Тут Зибенкэз, чтобы охладить взволнованность, чужую и свою собственную, сообщил, что уже сам все сделал и что рентмейстеру посланы надлежащие inhibitoriales. Штиблет радостно щелкнул языком и одобрительно кивнул головой; ибо, несмотря на то, что носитель высокого чина был для него вице-королем Христа, граф — полубогом, а император — целым богом, даже один-единственный смертный грех, совершенный кем-либо из них, стоил бы ему всей согбенной преданности советника, а против золотоносной и даже венценосной особы, дерзнувшей нарушить правила латинской грамматики, он, не долго думая, восстал бы в целой латинской пасхальной программе: светский человек обладает гордой осанкой и приниженной душой, но ученый человек часто не обладает ни тем, ни другим. Последние тучки тревог Ленетты окончательно рассеялись, когда она услышала о том, что доступ в ее комнату прегражден рентмейстеру бумажным засовом и рогаткой. «Значит, ему досталось, чтобы он не смел ко мне приставать? Слава тебе, Иисусе! Так ему и надо, вечно лгущу и предающу» — сказала Ленетта. — «Так в сущности не говорят, за исключением безграмотных, госпожа адвокатша, ибо неправильные глаголы „ползать“, „лгать“, „проливать“, „благоухать“, „увлекать“, в качестве Verba anomalia, имеют в причастии „ползущий“, „лгущий“, „предающий“ и т. д., которые нашими компетентными грамматистами склоняются, то есть флектируются, совершенно правильно (лишь стихотворцы, по своему непохвальному обыкновению, увы, грешат и здесь), — а посему разумно будет говорить о лгущем, ползущем, предающем, поскольку речь идет о настоящем времени».

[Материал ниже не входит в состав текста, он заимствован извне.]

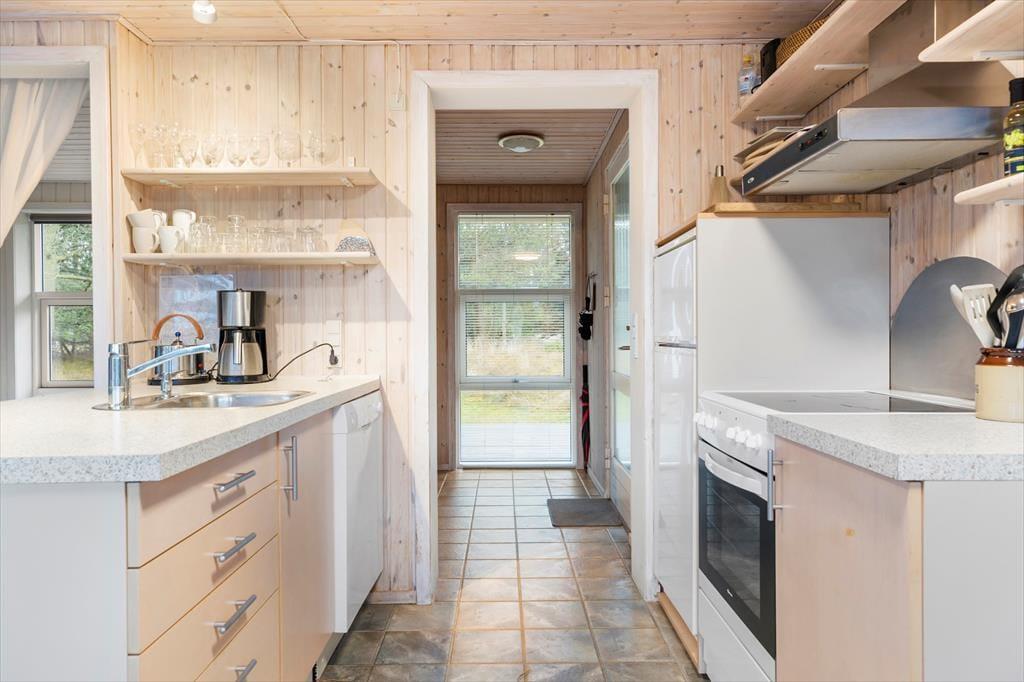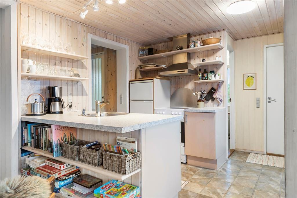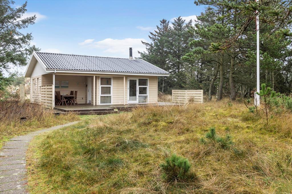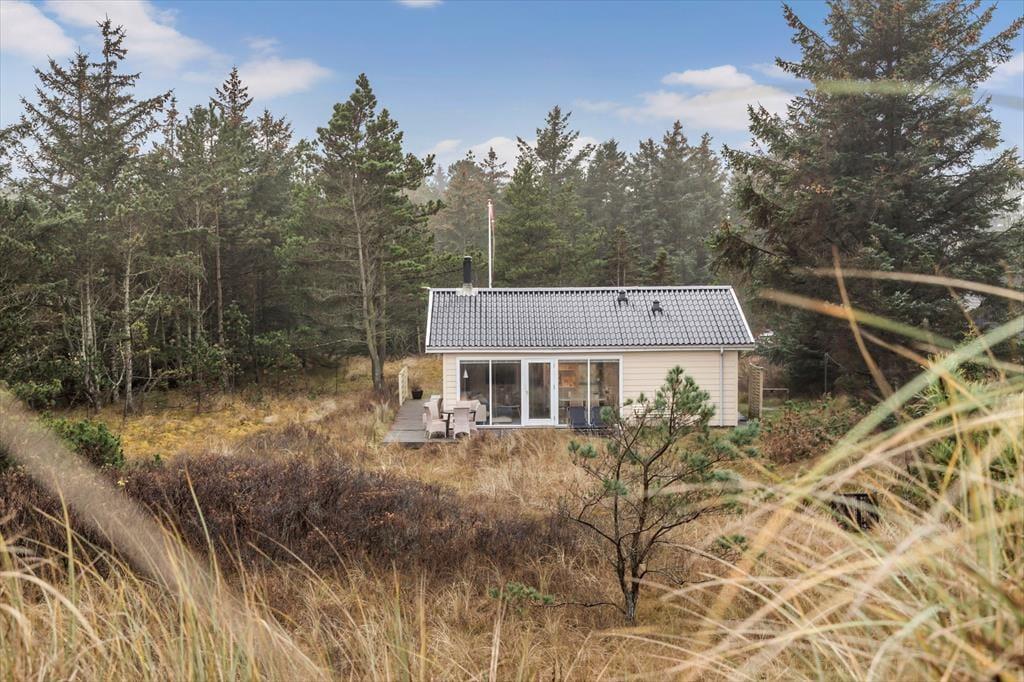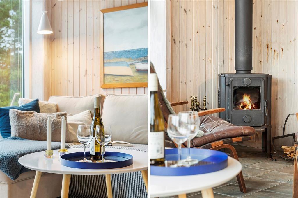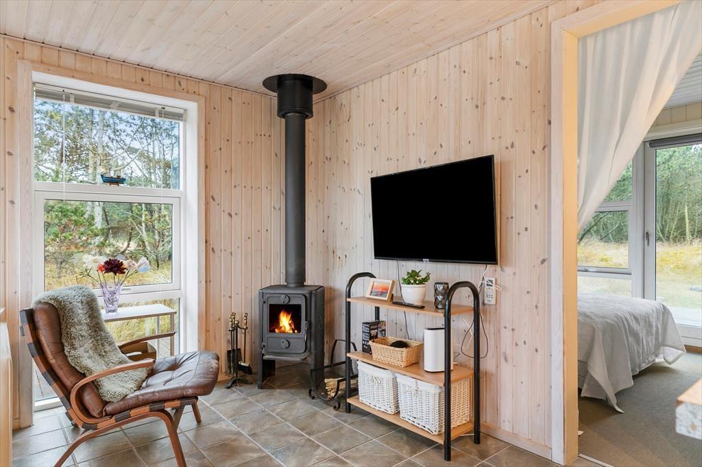 Dette hyggelige sommerhus byder dig indenfor i en lys og indbydende atmosfære, hvor du straks føler dig hjemme. Den rummelige stue er indrettet med komfortable møbler og en brændeovn, der inviterer til afslappede stunder på kølige aftener. Køkkenet ligger i åben forbindelse med stuen, så samtaler og samvær kan fortsætte, mens maden tilberedes. Sommerhuset er designet med fokus på ro og hygge, og værelserne giver plads til afslapning og en god nattesøvn. Badeværelset tilbyder et friskt morgenbad, og som en ekstra luksus kan du også skylle sand og saltvand af dig under den udendørs bruser – perfekt efter en tur på stranden.

«Ах, оставьте моей милой аугспуржанке, — сказал Зибенкэз? — ее лютеровские флексии; право, она умиляет меня ими, подобными неправильными глаголами; ведь это Шмалькальденские статьи из Аугспургского исповедания». — Тут она ласково притянула ухо мужа к своему рту и сказала: «Что мне приготовить на ужин? — Кстати, объяснил бы ты господину, что я не хотела сказать ничего плохого. И, пожалуйста, милый Фирмиан, когда я выйду из комнаты, спроси господина (ведь он — духовная особа), дозволено ли такое супружество, как наше, священным писанием». Он задал этот вопрос немедленно; Штиблет ответил с расстановкой: «Если бы даже принять в соображение лишь пример Лии, которая анонимно, под псевдонимом Рахили, была уже в брачную ночь подсунута Якову и супружество которой Библия признала законным, то для нас этого было бы вполне достаточно; кроме того, спрашивается, кто меняется кольцами, имена или тела? И разве цель брака может быть осуществлена лишь именем?» — За это консисторское разъяснение Ленетта его поблагодарила тем, что обратила к нему просиявшее лицо и полный смиренной признательности взор.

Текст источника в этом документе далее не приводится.